Red-mediated response to the ColE1 dimer catastrophe. Plasmid dimers express the non-coding RNA, Red, from the cer site. Red binds to tryptophanase increasing the production of indole. High levels of indole inhibit plasmid replication, cell division and growth, allowing the Xer–cer recombination system to resolve plasmid dimers back to monomers.

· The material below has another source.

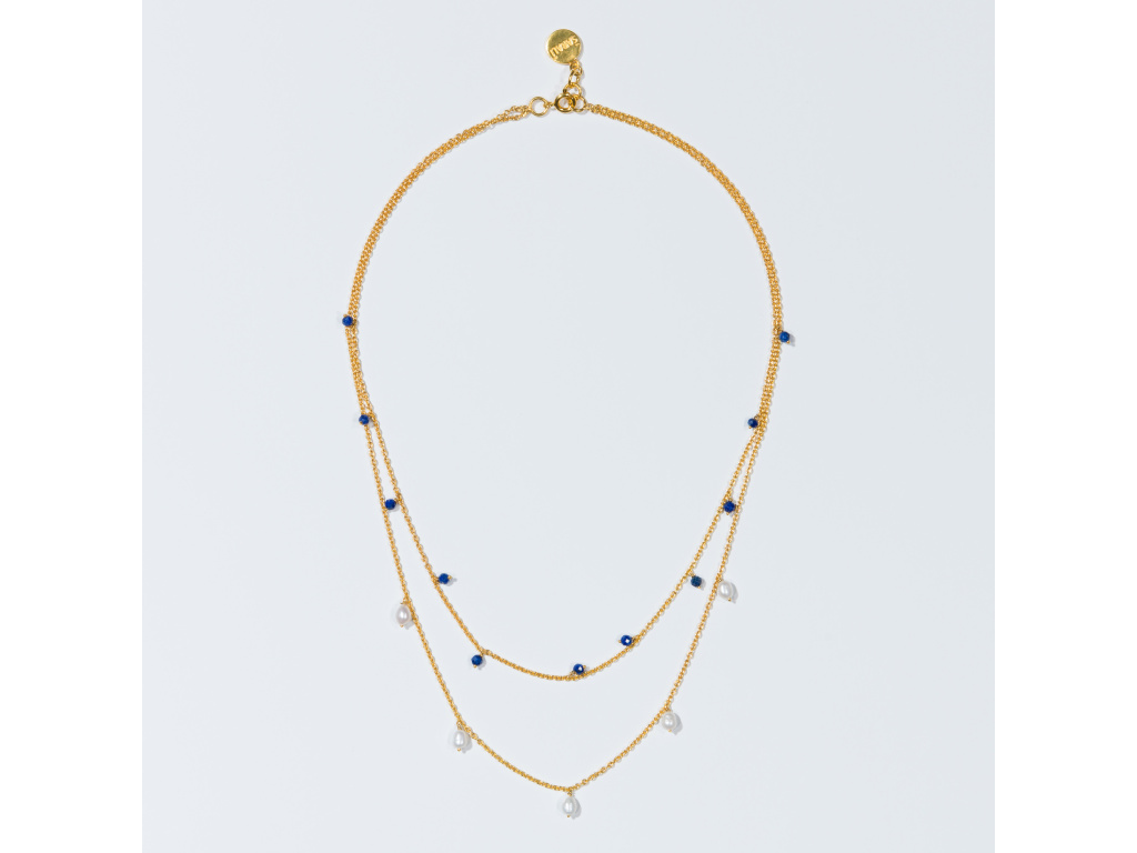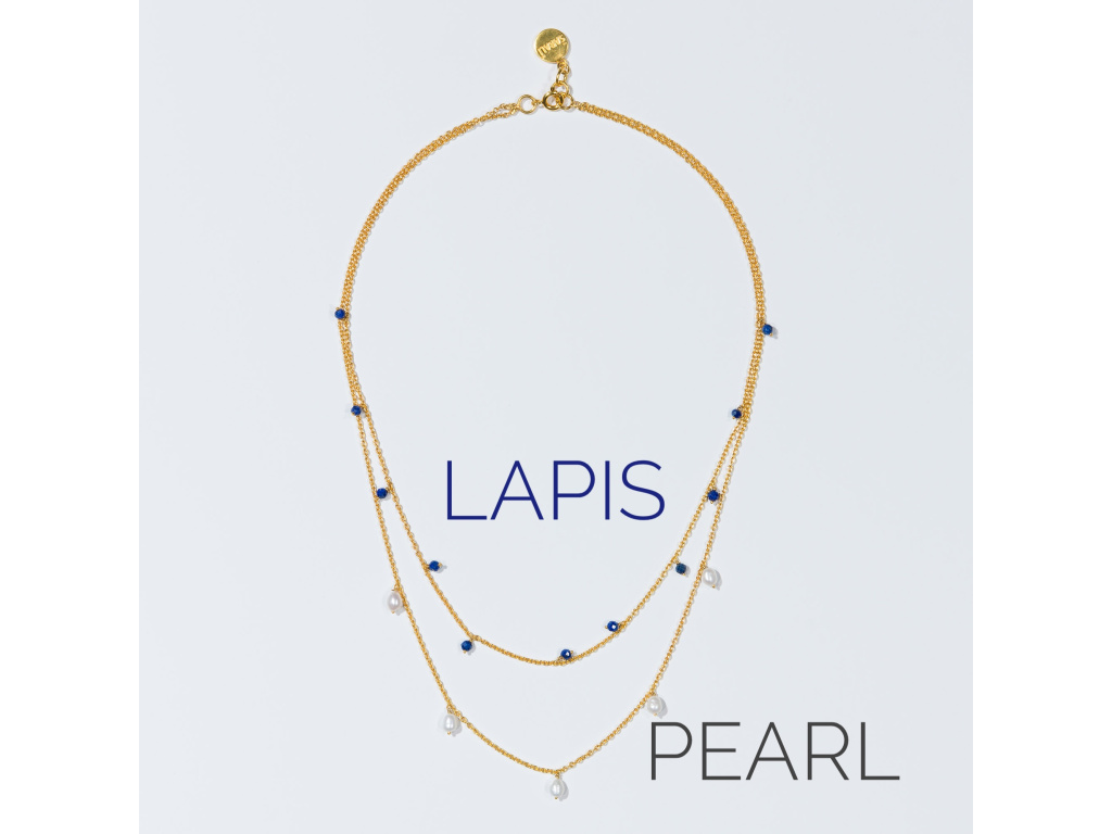 Jemný vrstvený náhrdelník, který zaujme svou čistou elegancí a krásným kontrastem barev. Pozlacený řetízek ve dvou liniích zdobí drobné kamínky lapisu lazuli v hlubokém modrém odstínu a něžné sladkovodní perly, které šperku dodávají jemnost a nadčasový nádech.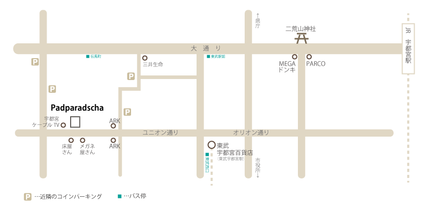 Padparadschaは、東武宇都宮駅から西にのびるユニオン通り商店街の真ん中あたりにあります。

Besides a well-characterised toxin–antitoxin system (hok–sok), R1 encodes a plasmid rescue system kis–kid (Bravo et al., 1987). The toxin component, Kid, is activated in cells which are under threat of loosing the plasmid through copy number depression (Ruiz-Echevarría et al., 1995). It has been shown recently that Kid activation results in inhibition of cell division and stimulation of DNA replication, preventing plasmid loss and increasing its copy number (Pimentel et al., 2014). The mechanism of cell division inhibition differs from the Rcd-indole system and Kid directs cleavage of mRNA of two proteins, FtsZ and ZapA, involved in cell division.

With examples now emerging in both high and low copy number plasmids, it is clear that plasmids are no longer passive passengers but are once again back in the driving seat, controlling the most fundamental processes of their host cell.